US-German scene comparisons

November 4, 2006

The Goethe Institute site has two articles on “deutsche mangaka”– both in English, which is a rare sight, but very appreciated.

The article about Christina Plaka (author of Yonen Buzz, being released by Tokyopop.de and Tokyopop US) touches upon a key point in the production of “original German manga”…

…[it] involves not only adhering closely to the Japanese aesthetic, but also adopting the authentic reading direction for manga.

I’ve yet to see any of the backlash in the German scene that American authors have to deal with if they even mention wanting to work right-to-left.  This is somewhat confusing, considering the publishers- Tokyopop US is very adament about its global manga being left-to-right, but all of the “home-grown” manga Tokyopop.de has put out so far have been done right to left. This is the same with CarlsenComics and EMA- all global works are in the Japanese reading direction, and the only exceptions I know of come from smaller, indie-publishers (Es war Keinmal, from Schwarzer Turm, etc)… which is almost the opposite of the American scene.
A number of publishers have also published global manga that take place in Japan (In the End, from Tokyopop.de, and Y-Square and Jibun Jishin, both from CarlsenComics), a concept that is openly frowned upon in the US-scene.  Yonen Buzz, often called the first German manga, also takes place in Japan- the series also happens to be the first German work to be brought over to America by Tokyopop.

In an interesting twist, the only German global manga artist to have been published in Japan actually started out there.  The Goethe Institute’s article on Jürgen Seebeck provides his publishing history.

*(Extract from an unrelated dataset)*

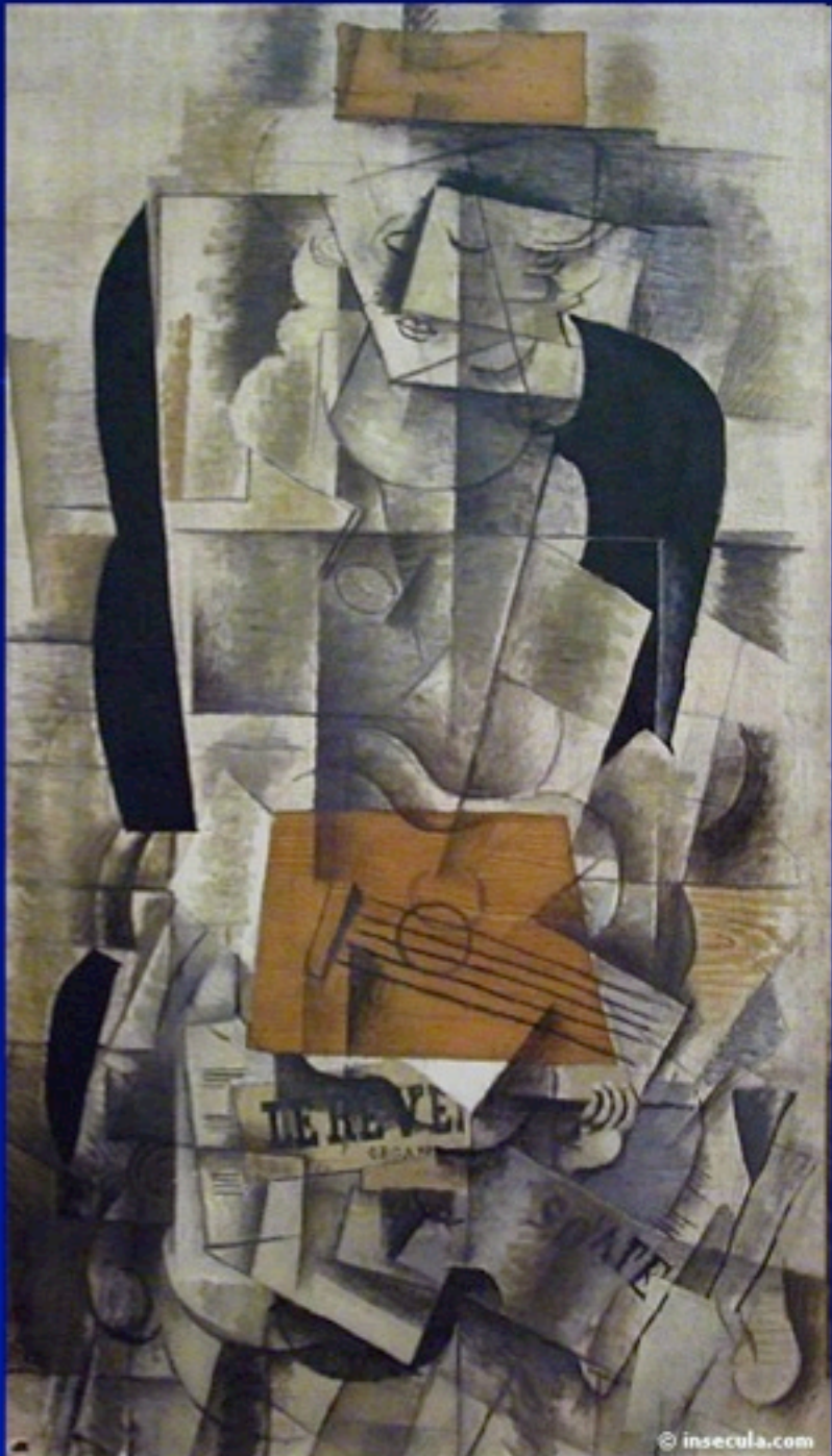
Georges Braque Η γυναίκα με την κιθάρα 1913

However, his most successful work to date is the two-volume short-story manga Bloody Circus, which was initially published by the Japanese publishing giant Kodansha as an online comic and was published in Germany in 2000.

What makes his work interesting, the article goes on to say, is how he “straddles the reality of life in Europe and Asia… and then link them elegantly together.” Seems like an idea the other German mangaka could take to heart.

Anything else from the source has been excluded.